Data records ->
------------------------
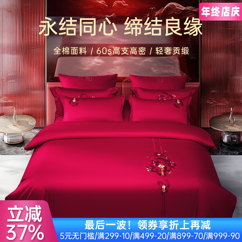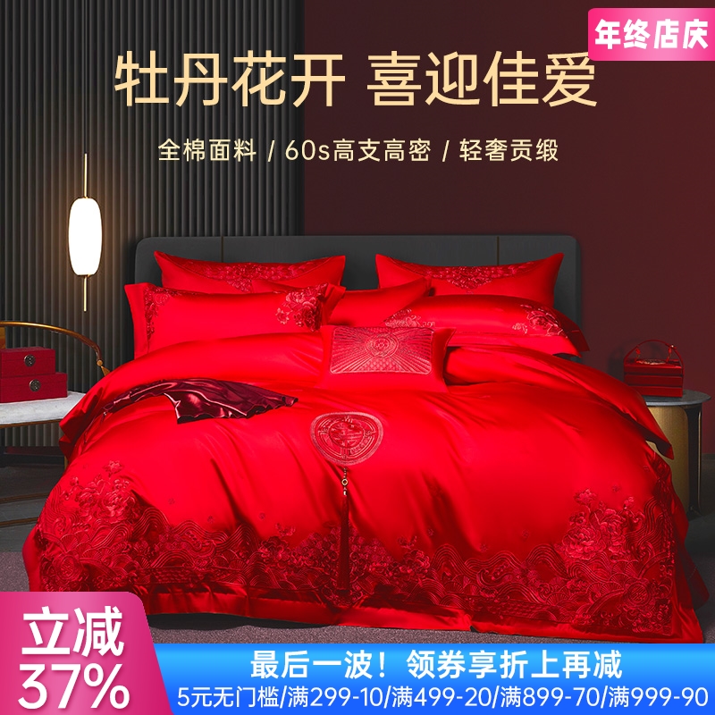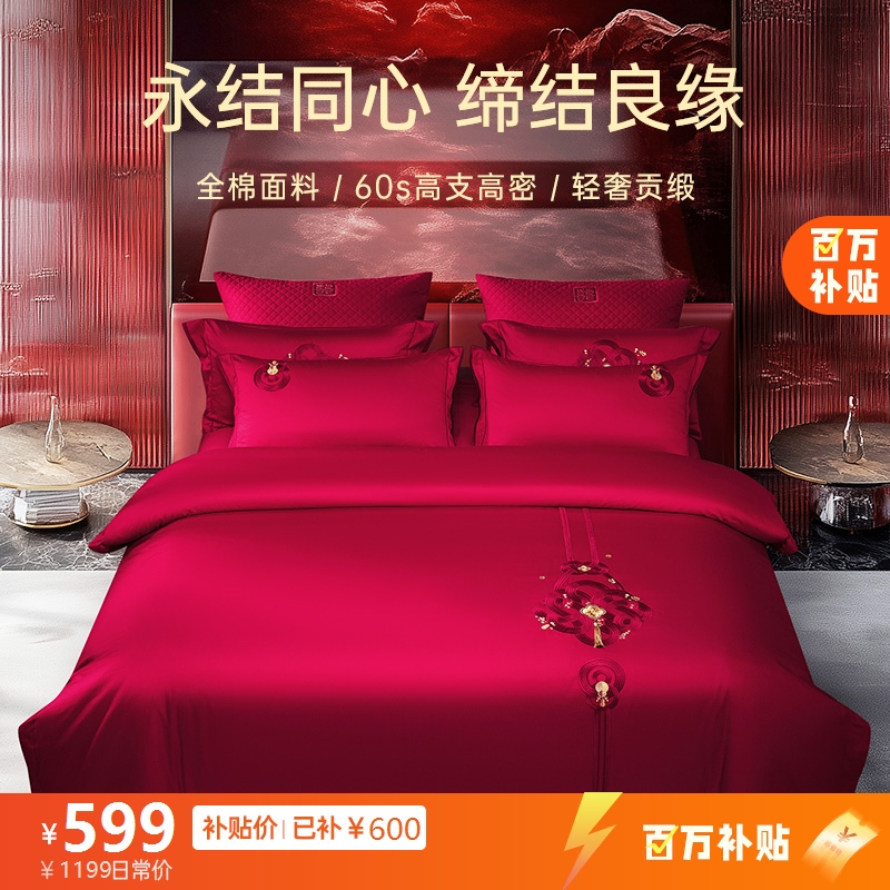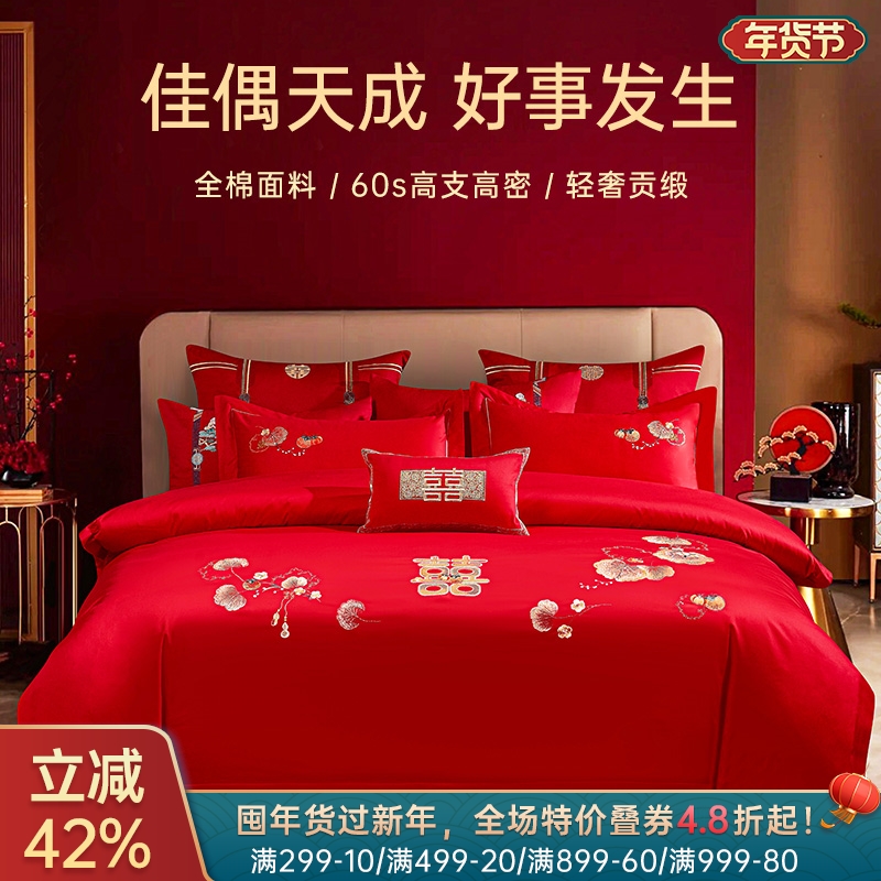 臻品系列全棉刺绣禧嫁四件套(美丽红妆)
------------------------
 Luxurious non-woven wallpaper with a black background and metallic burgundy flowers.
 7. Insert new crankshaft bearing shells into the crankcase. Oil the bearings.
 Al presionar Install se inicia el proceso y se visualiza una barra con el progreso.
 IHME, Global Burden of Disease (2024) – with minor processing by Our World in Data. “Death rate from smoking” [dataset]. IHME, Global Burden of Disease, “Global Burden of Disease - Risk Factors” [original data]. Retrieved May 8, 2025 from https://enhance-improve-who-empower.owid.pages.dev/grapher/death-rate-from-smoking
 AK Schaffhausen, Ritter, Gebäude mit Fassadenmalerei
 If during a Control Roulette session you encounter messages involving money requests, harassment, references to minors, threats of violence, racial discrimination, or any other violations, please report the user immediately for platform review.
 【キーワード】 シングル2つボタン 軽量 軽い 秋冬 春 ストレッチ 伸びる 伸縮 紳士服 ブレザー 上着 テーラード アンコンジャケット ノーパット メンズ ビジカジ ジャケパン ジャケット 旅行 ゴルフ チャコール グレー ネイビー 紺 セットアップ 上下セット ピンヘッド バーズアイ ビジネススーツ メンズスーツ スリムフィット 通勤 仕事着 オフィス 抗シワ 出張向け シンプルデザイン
------------------------
Aim of the task -> Your reply must consist solely of the count of lines in the listing above that hold the string "with".

Answer section -> 2